Lehman Bros. Holdings Inc. v. JPMorgan Chase Bank, N.A. (In Re Lehman Bros. Holdings Inc.)

469 B.R. 415, 67 Collier Bankr. Cas. 2d 1077, 2012 WL 1355659, 2012 Bankr. LEXIS 1721, 56 Bankr. Ct. Dec. (CRR) 94
CourtUnited States Bankruptcy Court, S.D. New York
DecidedApril 19, 2012
Docket18-01736
StatusPublished
Cited by28 cases

This text of 469 B.R. 415 (Lehman Bros. Holdings Inc. v. JPMorgan Chase Bank, N.A. (In Re Lehman Bros. Holdings Inc.)) is published on Counsel Stack Legal Research, covering United States Bankruptcy Court, S.D. New York primary law. Counsel Stack provides free access to over 12 million legal documents including statutes, case law, regulations, and constitutions.

Bluebook
Lehman Bros. Holdings Inc. v. JPMorgan Chase Bank, N.A. (In Re Lehman Bros. Holdings Inc.), 469 B.R. 415, 67 Collier Bankr. Cas. 2d 1077, 2012 WL 1355659, 2012 Bankr. LEXIS 1721, 56 Bankr. Ct. Dec. (CRR) 94 (N.Y. 2012).

Opinion

MEMORANDUM DECISION GRANTING IN PART AND DENYING IN PART MOTION TO DISMISS BY DEFENDANT JPMORGAN CHASE BANK, N.A.

JAMES M. PECK, Bankruptcy Judge.

Introduction

The captioned adversary proceeding brought jointly by Lehman Brothers Holdings Inc. (“LBHI,” and, together with its affiliated debtor entities, “Lehman”) and its Official Committee of Unsecured Creditors (the “Committee,” and, together with LBHI, the “Plaintiffs”) seeks to recover $8.6 billion from JPMorgan Chase, N.A. (“JPMC”) for the benefit of Lehman’s creditors. The litigation relates to transactions that occurred shortly before LBHI’s bankruptcy filing and highlights various defensive actions taken by JPMC as part of the bank’s efforts to limit the impact on JPMC of a default by Lehman. The litigation touches on and illuminates the safe harbor provisions of the United States Bankruptcy Code, 11 U.S.C. § 101 et seq. (the “Bankruptcy Code”).

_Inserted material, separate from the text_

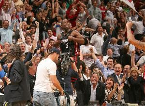 2009年3月9日,熱火主場迎戰(zhàn)公牛。雙方在常規(guī)時間殺得難解難分,比賽被拖入加時。一個不夠再加一個,到了第二個加時最后時刻,雙方戰(zhàn)至127平。公牛最后一攻壓時間到5秒以內(nèi)才發(fā)動,但韋德補(bǔ)防完成搶斷帶球狂奔,過半場開始起步,與時間賽跑的閃電俠騎馬射箭投出三分,皮球空心命中,壓哨絕殺!

The allegations and defenses present important questions as to what a lender can do in managing its exposure to potential losses and protect its interests at a time of intensifying concerns about systemic risk. Plaintiffs complain that JPMC abused the power of its position to improperly extract billions in incremental collateral and other concessions from Lehman before the LBHI bankruptcy, while JPMC contends that the litigation is baseless, that its credit and clearance services benefited Lehman and its customers and that, as a matter of law, its institutional conduct should be fully insulated from all ex post exposure.

*420 This decision resolves a broad-based motion to dismiss (the “Motion”) brought by JPMC at the outset of the litigation. The Motion is quite ambitious in its scope and endeavors to preemptively dispose of all counts in Plaintiffs’ First Amended Complaint (the “Amended Complaint”). 1 In terms of the trajectory of the litigation itself, while the Motion has been pending, the parties have largely discounted the prospects of a complete win by JPMC at the pleading stage and have moved forward diligently under a series of pretrial orders that outline a protocol of extensive and mostly cooperative pretrial discovery. This discovery has been pursued actively while the Motion has been pending and is scheduled to be concluded within the next few months. 2

As a result of these discovery efforts, the Court assumes that the parties have developed an intimate understanding of the facts. These facts are not presently available to the Court in its consideration of the Motion, but this accumulated information will serve as evidence to be offered at trial or in connection with any future dispositive motions that may be filed. And so the contours of the surrounding litigation have expanded while proceedings with respect to the Motion have remained constant with the exception of some supplemental briefing.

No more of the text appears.